Wednesday, 4 May 2016

Matters of Public Importance

Economy

3:43 pm

Photo of Anthony AlbaneseAnthony Albanese (Grayndler, Australian Labor Party, Shadow Minister for Infrastructure and Transport) Share this | Hansard source

I rise to talk particularly about infrastructure and the failure of this government to understand that infrastructure is the key to future jobs and economic growth. This is a budget that absolutely fails. It is a budget that has a $1 billion cut to infrastructure investment over the forwards alone. It is a budget that, in four years time, will see the amount of money that is allocated to rail that is not an equity injection through the ARTC fall to zero dollars.

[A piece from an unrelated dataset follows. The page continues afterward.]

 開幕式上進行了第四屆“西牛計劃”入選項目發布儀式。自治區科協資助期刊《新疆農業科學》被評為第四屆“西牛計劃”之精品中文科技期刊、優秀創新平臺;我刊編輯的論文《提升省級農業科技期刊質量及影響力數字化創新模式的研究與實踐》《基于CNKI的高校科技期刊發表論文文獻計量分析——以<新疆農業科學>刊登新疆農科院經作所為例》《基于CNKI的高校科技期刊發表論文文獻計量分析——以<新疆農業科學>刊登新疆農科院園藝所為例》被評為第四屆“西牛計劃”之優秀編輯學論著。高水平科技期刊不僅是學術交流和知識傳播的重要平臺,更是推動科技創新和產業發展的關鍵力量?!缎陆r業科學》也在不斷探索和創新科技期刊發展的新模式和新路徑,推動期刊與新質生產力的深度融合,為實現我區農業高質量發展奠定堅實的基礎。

This is a Prime Minister who came to office saying that he was going to talk about cities and urban policy. What we have seen is that his 30-minute city policy did not actually last 30 minutes. It is a 30-minute policy! In last night's budget, not a single new project was approved—not a single new project anywhere in the country. There was no money for the Cross River Rail project. There was no money for light rail or heavy rail in Adelaide. There was no money for Metronet in Perth. There was no money for new major road projects. Just simply, there was a continuation of their magical infrastructure re-announcement tour around the country.

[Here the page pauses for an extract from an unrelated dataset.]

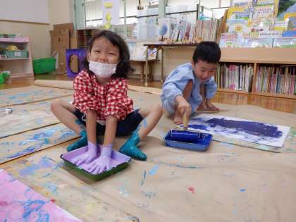 ゆり組になって初めての絵の具遊び。“この色が好きなんだ”“友達がいると楽しくなるよね〜”“一人でじっくり遊んでるな。夢中になれるって素敵だな”など,子どもが楽しんで遊ぶ姿を見ていろいろなことを感じました。見ている私も楽しかったです。また絵の具遊びしようね!

It is coming to an end because projects are being opened. The regional rail link down in Geelong, Bendigo Ballarat is now open. It is functioning. Projects like the Moreton Bay rail link will be opened in the next month. They were promised, funded, built and opened under a Labor government—opposed by those opposite. There is no money for western Sydney rail and no money from major road projects. We have just heard a speech from a Tasmanian. Tasmania gets under two per cent. That is its total percentage of the infrastructure budget: a cut to the rail revitalisation program and a cut of $100 million to the Midland Highway. Victoria's percentage, to be fair, has increased. It is now up to 9.6 per cent. It is just a pity that they have 25 per cent of the population. One in four Australians are getting less than one in 10 of the dollars.

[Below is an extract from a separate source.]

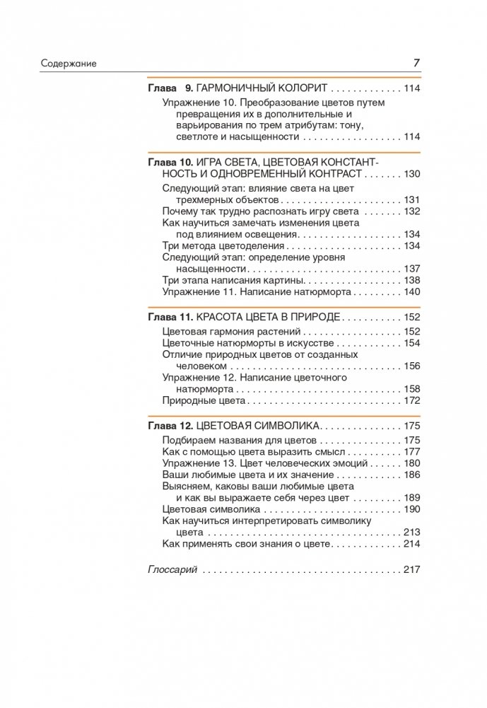 Здесь вы найдете упражнения (начиная от самых простых и постепенно переходя к самым сложным), сопровождающиеся сотнями иллюстраций. Они помогут вам разобраться, как устроен цвет, и научат видеть то, что действительно у нас перед глазами, а не то, что мы знаем о цветных объектах. Книга принесет пользу и новичкам, которые только начинают работать с цветом, и опытным художникам.

Those opposite speak about Infrastructure Australia and processes and they raise the east-west link—come in spinner. It was a project that was to produce 45 cents of benefit for every dollar invested. I have a proposition for everyone over there: you give me $100 today and I will give you back $45 tomorrow and we will call it a good deal. That is the proposition. What is more, they cut the Infrastructure Australia budget. It falls by 25 per cent in two years. One in four dollars will be cut from the Infrastructure Australia budget. What we saw last night was not budget 2016; it was fudge-it 2016, because the dollars simply do not add up. If today you are not planning for the infrastructure of tomorrow, the investment will fall off the cliff. We have already had under this government a 20 per cent decline in public sector infrastructure investment on their watch.